Burma

Myanmar’s Educators Resist Pressure From Junta to Reopen Universities, Schools

By The Irrawaddy 19 May 2021

Myanmar’s striking educators and administrative staff are continuing their anti-regime action despite pressure from the regime to return to work and reopen universities and schools.

The junta has recently targeted striking educators and administrative staff who refused to serve under military rule with arrests, warrants and suspensions from their jobs.

Since the last week of April, the regime has been issuing arrest warrants against teachers and education staff who joined the Civil Disobedience Movement (CDM) on charges of incitement.

As of Tuesday, 220 teachers, including professors, headmasters and headmistresses, education officers and officials, have been put on the list.

A number of teachers who went on the strike were recently arrested, charged or sentenced. Announcements of suspensions from their jobs were also issued.

Regardless of the growing threats, many striking educators and staff carry on their resistance against the junta.

Teachers take part in a sit-in protest against the military coup on Feb. 9, few days after the military staged coup. (Photo: The Irrawaddy)

Myanmar Teachers’ Federations said about 60 percent of the academics at universities and colleges resisted the junta’s reopening of campuses. The junta announced the reopening on May 5 of universities and colleges that had been closed for more than a year due to the COVID-19 pandemic.

Those striking academics, more than 19,000 out of a total of 35,000 teachers in universities, colleges, have been suspended from their jobs for carrying on their strike against the regime.

And in public schools for basic education, more than 100,000 teachers and education staff out of a total of 450,000 [that is around 27 percent] joined the CDM, according to an initial announcement by the Ministry of Education on April 23.

Starting on May 7, the junta has issued suspension orders to striking teachers and education staff at public schools nationwide. Among those who have been suspended are custodial staff, security officers at schools, lab technicians, teachers, principals and officials under the basic education department of Ministry of Education.

“The reopening of the schools is just to show the country is well under the control of the military rather than concern for disrupted education,” an official from the teachers’ federation, who asked to be anonymous, told The Irrawaddy.

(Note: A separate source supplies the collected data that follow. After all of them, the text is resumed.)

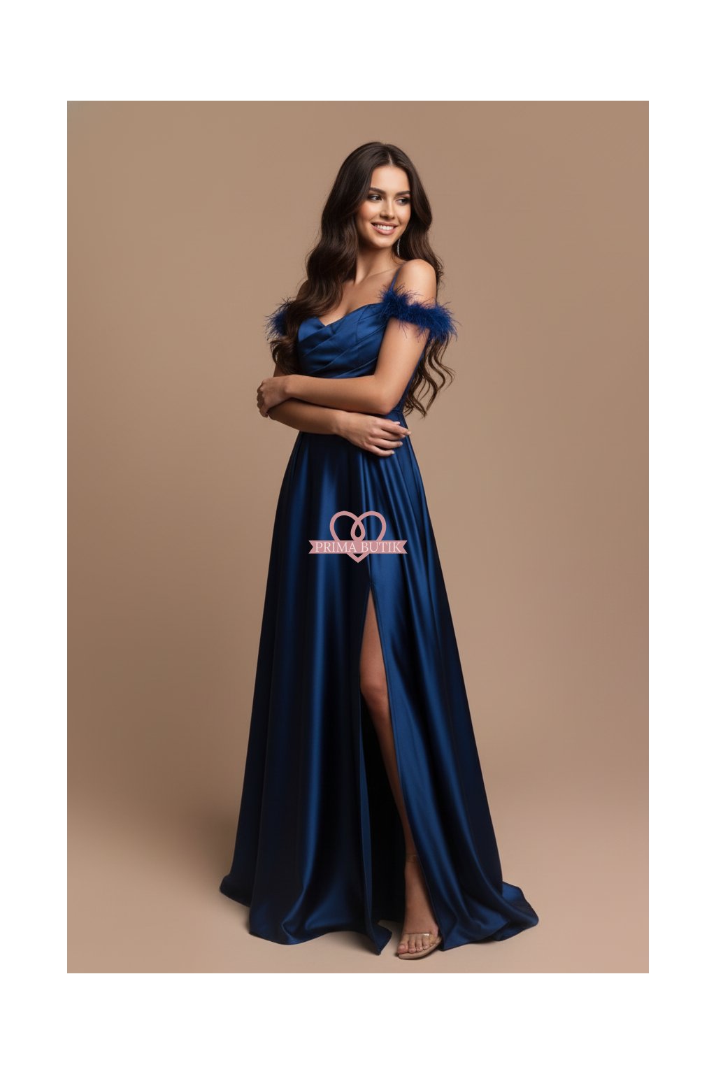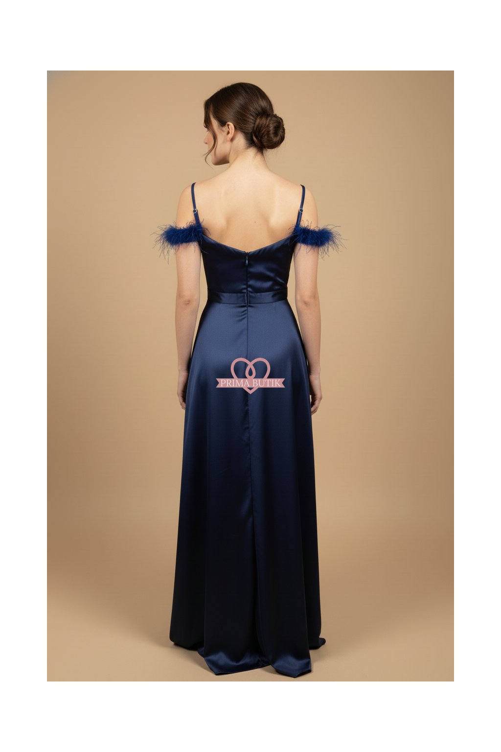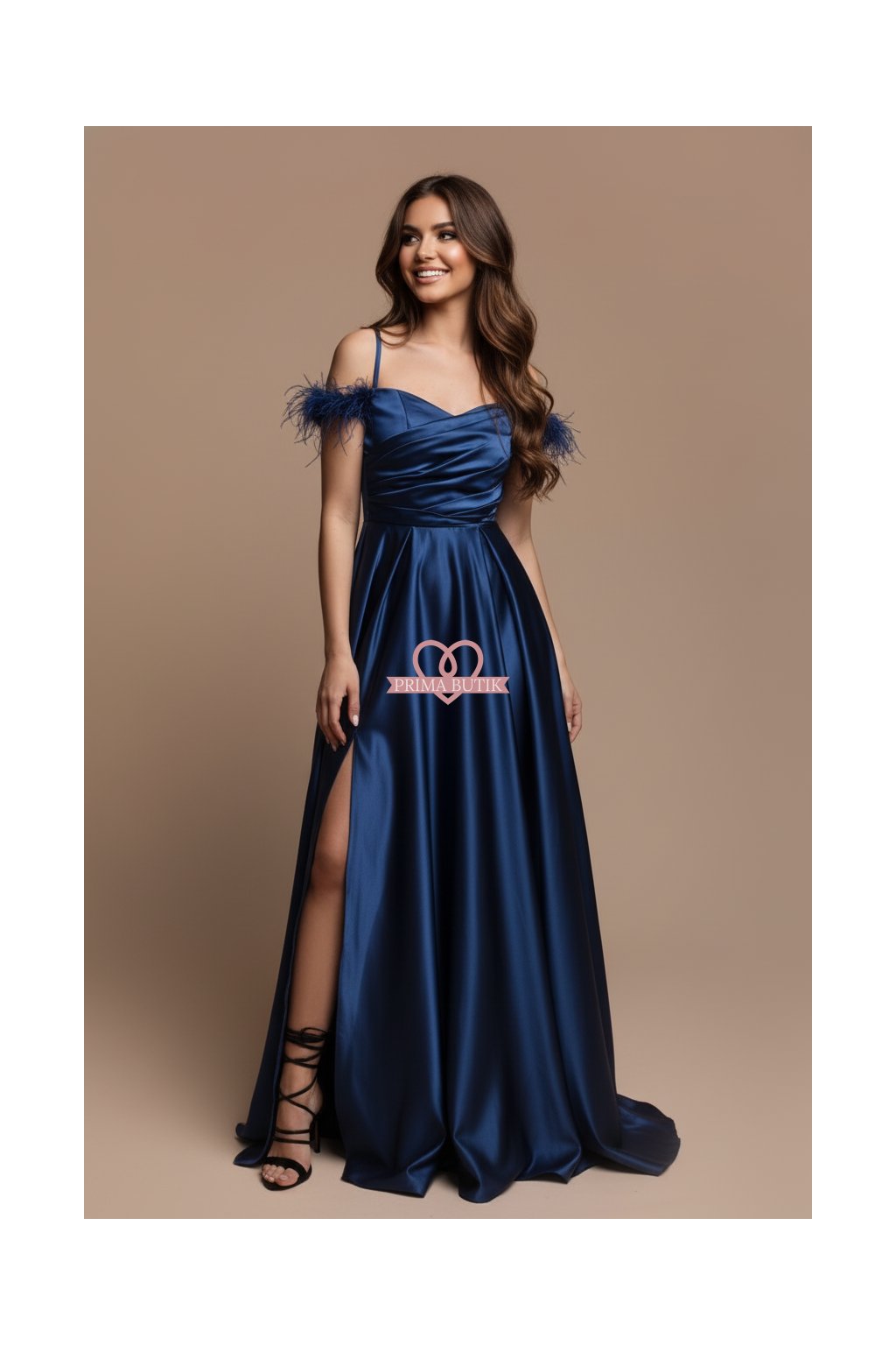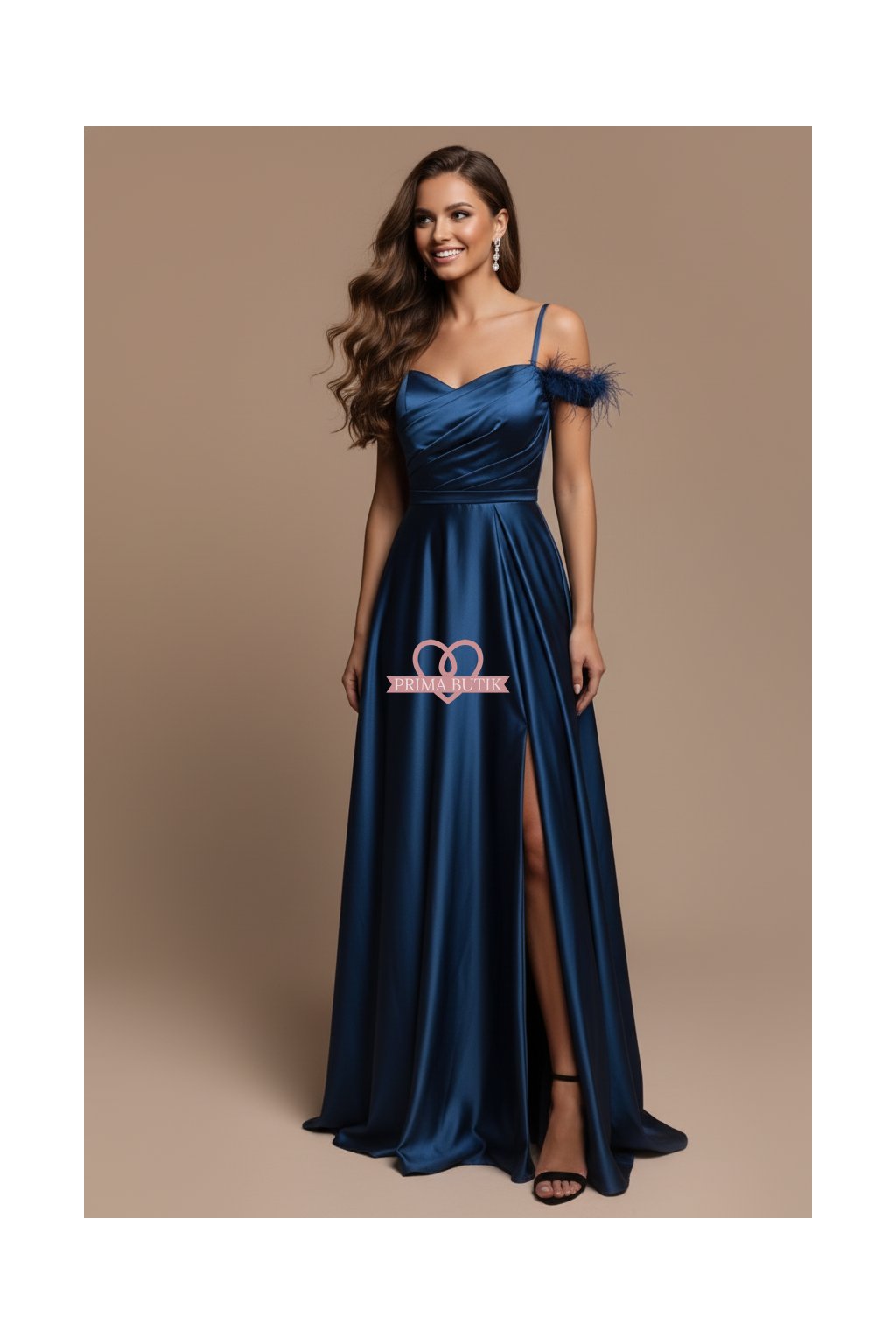 Plesové saténové šaty JOYCE v temné černé barvě, která dodá vašemu večeru nádech tajemství a elegance.  Detail spadlých ramínek zdobený peříčkem přidává na sofistikovanosti a jedinečnosti tohoto modelu. Rozparek umožňuje pohodlný pohyb, což je ideální pro jakoukoliv společenskou událost - od maturitního plesu po gala večer.
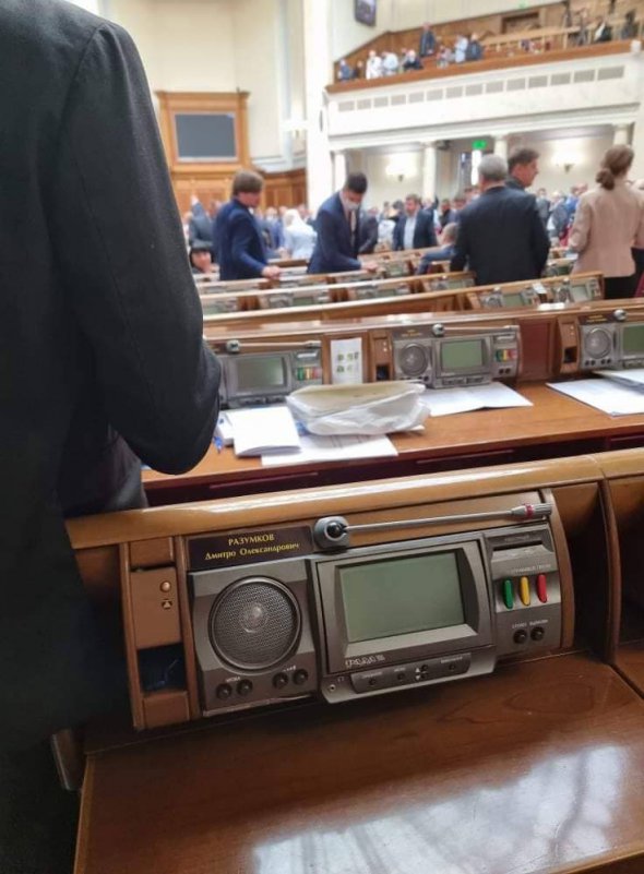 "Тепер робоче місце Дмитра Разумкова за фракцією "ЄС" на гальорці", - повідомив журналіст.
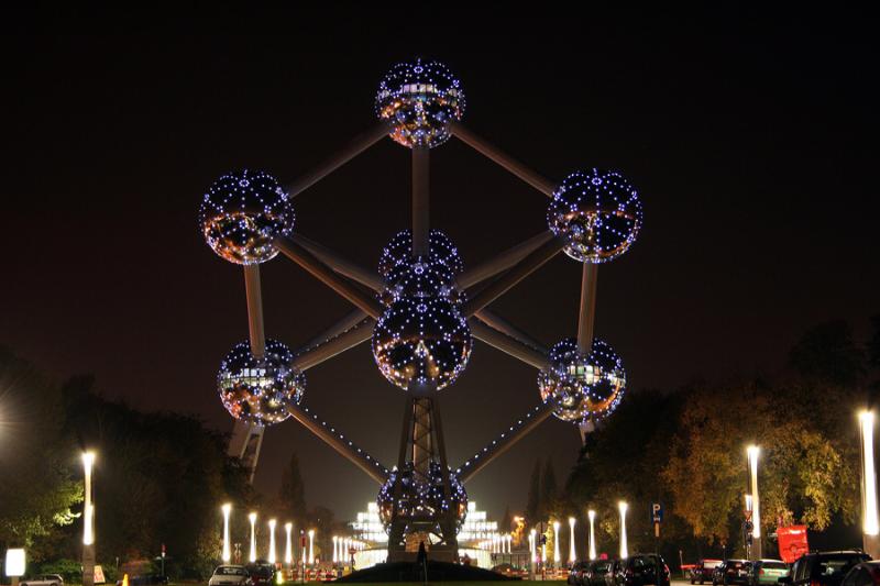 Il faudrait en rajouter une ) reliés par des tubes d’aciers, conçu par des belges, il faut le dire, Waterkeyn, l’ingénieur, et Polak, l’architecte : l’Atomium !
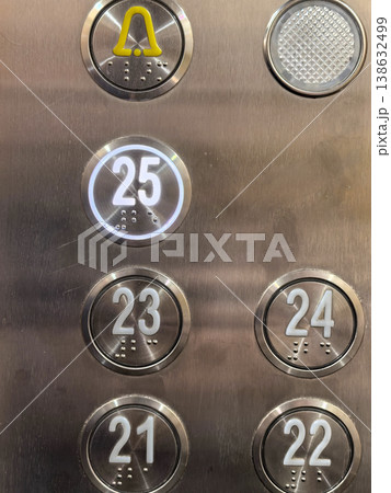 Close-up of an elevator control panel with the 25th floor button illuminated.

He said that though some CDM teachers relented and returned to work in fear of being arrested after the junta ramped up detention, many of them would carry on the strike until the military regime collapses.

“We are determined to continue the fight until the fall of the dictatorship and return of a civilian government elected by the people,” said the official, who himself was recently suspended from one of Yangon universities.

A teacher from Yangon Region who was recently suspended from her job said she is proud to stand against injustice even though it meant she had to give up of a job she adored.

“I will only return to work under our elected civilian government,” she added.

Facing a shortage of educators, the military regime is recruiting lecturers and is planning to give promotions to non-CDM professors to replace striking academics. In public schools, the regime is calling for daily wage teachers to substitute for teachers on strike.

Meanwhile, the regime continues to pressure striking educators to give in. In some cases, the junta has arrested the relatives of teachers, holding them as hostages to force teachers to return to work.

Students boycott against ‘military’s slave education’

It is not only teachers, but also students who are boycotting the “military’s slave education.” Student protesters said they won’t attend or enroll the classes under the regime whose forces have killed hundreds of youths including high school students and children.

The teachers’ federation predicted about 80 to 90 percent of university students boycotted classes by refusing to attend or enroll.

The junta also plans to open public schools on June 1, but many students have expressed that they don’t want education under the dictatorship.

Parents have also expressed concern for the safety of their children due to the likelihood of violence amid the regime forces’ continuing brutal actions against civilians.

Making matters worse, a number of schools across the country were set on fire or bombed with homemade grenades by unknown attackers. The regime claimed that school attacks were carried out by “rioters,” using its label for anti-regime protesters. The Irrawaddy can’t independently verify the junta’s claims. Despite the attacks on schools, the regime still insists it will open schools as scheduled on June 1. During a press conference last week, a regime spokesperson said the regime would provide enough security for schools but refused to reveal any details, citing security matters.

Students from Yadanabon University in Mandalay continued their protest movement against the military junta on May 9 morning. (Photo: CJ)

Meanwhile risk of contracting COVID-19 is also another cause of concern as Myanmar still detects a dozen cases daily. The regime has said it would deliver facial masks and shields to students free of charge.

A high school student said he and his friends wouldn’t return to school until the revolution prevails. “We will go to school only when Grandma Suu [State Counselor Daw Aung San Suu Kyi who was put under detention at the time of the Feb. 1 coup] is released.”